↓↓↓

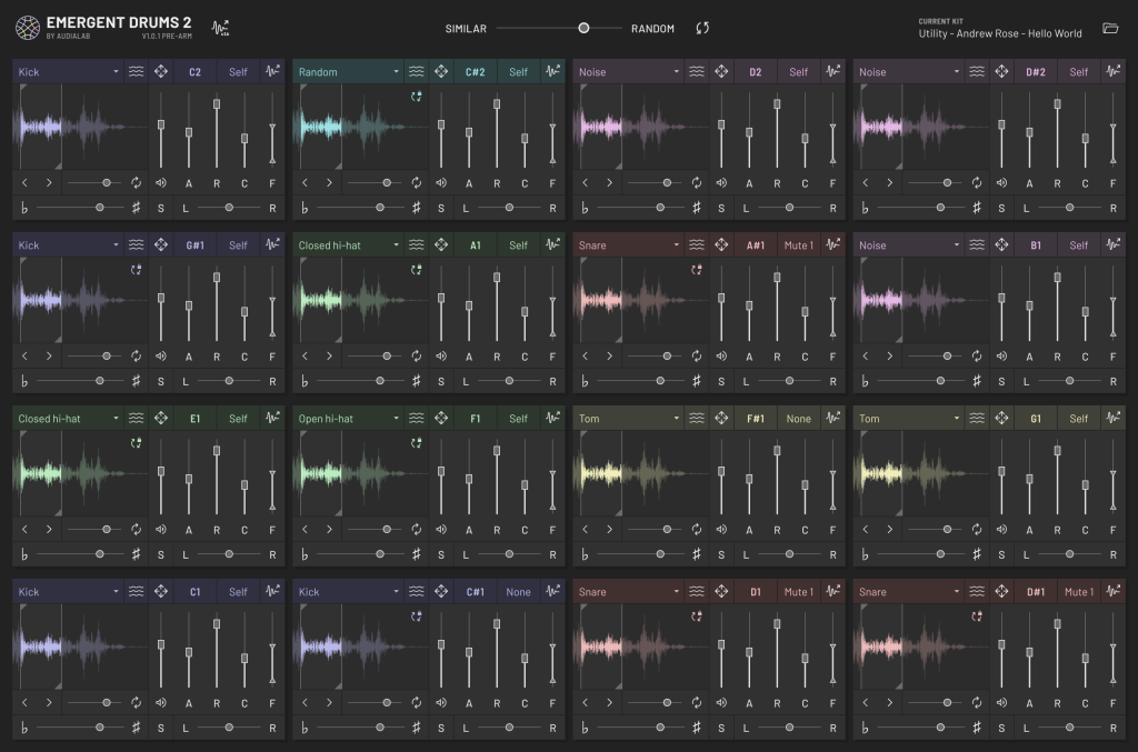 The tool also has enough real production depth that it doesn’t read like a novelty item. It is a 16-pad instrument playable by MIDI, it includes a Similarity Slider (which is a big X-factor) for generating nearby versions of a sound you like, it supports multi-out routing, and it includes shaping functions like clipping, filtering, pitch shifting, trim, attack, and release. There is also a direct drag-and-drop path into a DAW, export options for full kits, bundled presets, user presets, and a compact view for working on one sound at a time.
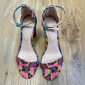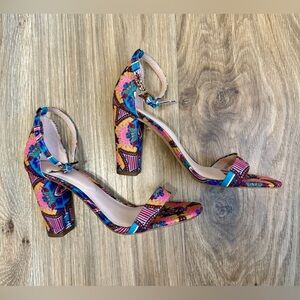 Aldo floral heels, embroidered block heel sandals, colorful ankle strap heels, tapestry print shoes, summer wedding heels, resort heels, bold print sandals, square toe heel, festival heels, statement shoes
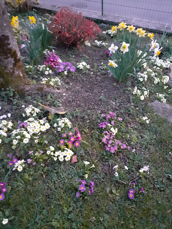 Bonjour, ciel laiteux, mais soleil pas loin, et grande douceur dans l'air.... La lessive de "noir" a séché vite hier. La bibliothèque étant fermée aujourd'hui, j'ai dû y aller hier, et en même temps ai débarrassé des choses à Emmaüs, puis un tour à Top office pour de l'encre imprimante..... pas donnée maintenant ! Du coup un tour à Cultura juste à côté pour une carte de la côte d'Azur, et un petit guide, puis finalement j'ai atterri dans un magasin de chaussures juste à côté, (initialement simplement pour voir... GIGI à nouveau mal en point avec la glu, une vraie calamité. En ce qui concerne mes fleurs, ce n'est qu'un petit coin, tout le talus est fleuri, les tulipes s'y mettent aussi, avec mon cerisier. De belles photos avec mon appareil, mais hélas, pas pu les enregistrer MARTINE, ta forme revient de mieux en mieux, c'est super. J'ai osé Gertrude ce matin !!!! bonne surprise, mais je remarque que depuis 1 semaine au moins je n'ai pas mangé de fromage, surtout du Comté, car pas acheté, et pas non plus de biscuits avec le thé de 4 h....MANA reprise des habitudes au Baraka, avec le soleil cela fait du bien......NOUCHE encore des agrafes en moins, la cicatrice tirera moins, malgré tout, prends ton temps pour récupérer.....DIDINE un tour chez le caniche pour toi et le véto pour Hindie, chacun son truc. Pour le reste d'accord avec toi, dans certains cas irrécupérables, il vaut mieux être comme on est toutes les deux...seules. COCO chouette, petite cure tranquille et au retour arrivée de Sandrine pour quelques jours, tu vas être aux anges. Bonne journée à toutes. |

↑↑↑

* _Task goal_
Output the material word for word, omitting its pictures.

* _Written response_
 The tool also has enough real production depth that it doesn’t read like a novelty item. It is a 16-pad instrument playable by MIDI, it includes a Similarity Slider (which is a big X-factor) for generating nearby versions of a sound you like, it supports multi-out routing, and it includes shaping functions like clipping, filtering, pitch shifting, trim, attack, and release. There is also a direct drag-and-drop path into a DAW, export options for full kits, bundled presets, user presets, and a compact view for working on one sound at a time.
 Aldo floral heels, embroidered block heel sandals, colorful ankle strap heels, tapestry print shoes, summer wedding heels, resort heels, bold print sandals, square toe heel, festival heels, statement shoes
 Bonjour, ciel laiteux, mais soleil pas loin, et grande douceur dans l'air.... La lessive de "noir" a séché vite hier. La bibliothèque étant fermée aujourd'hui, j'ai dû y aller hier, et en même temps ai débarrassé des choses à Emmaüs, puis un tour à Top office pour de l'encre imprimante..... pas donnée maintenant ! Du coup un tour à Cultura juste à côté pour une carte de la côte d'Azur, et un petit guide, puis finalement j'ai atterri dans un magasin de chaussures juste à côté, (initialement simplement pour voir... GIGI à nouveau mal en point avec la glu, une vraie calamité. En ce qui concerne mes fleurs, ce n'est qu'un petit coin, tout le talus est fleuri, les tulipes s'y mettent aussi, avec mon cerisier. De belles photos avec mon appareil, mais hélas, pas pu les enregistrer MARTINE, ta forme revient de mieux en mieux, c'est super. J'ai osé Gertrude ce matin !!!! bonne surprise, mais je remarque que depuis 1 semaine au moins je n'ai pas mangé de fromage, surtout du Comté, car pas acheté, et pas non plus de biscuits avec le thé de 4 h....MANA reprise des habitudes au Baraka, avec le soleil cela fait du bien......NOUCHE encore des agrafes en moins, la cicatrice tirera moins, malgré tout, prends ton temps pour récupérer.....DIDINE un tour chez le caniche pour toi et le véto pour Hindie, chacun son truc. Pour le reste d'accord avec toi, dans certains cas irrécupérables, il vaut mieux être comme on est toutes les deux...seules. COCO chouette, petite cure tranquille et au retour arrivée de Sandrine pour quelques jours, tu vas être aux anges. Bonne journée à toutes. |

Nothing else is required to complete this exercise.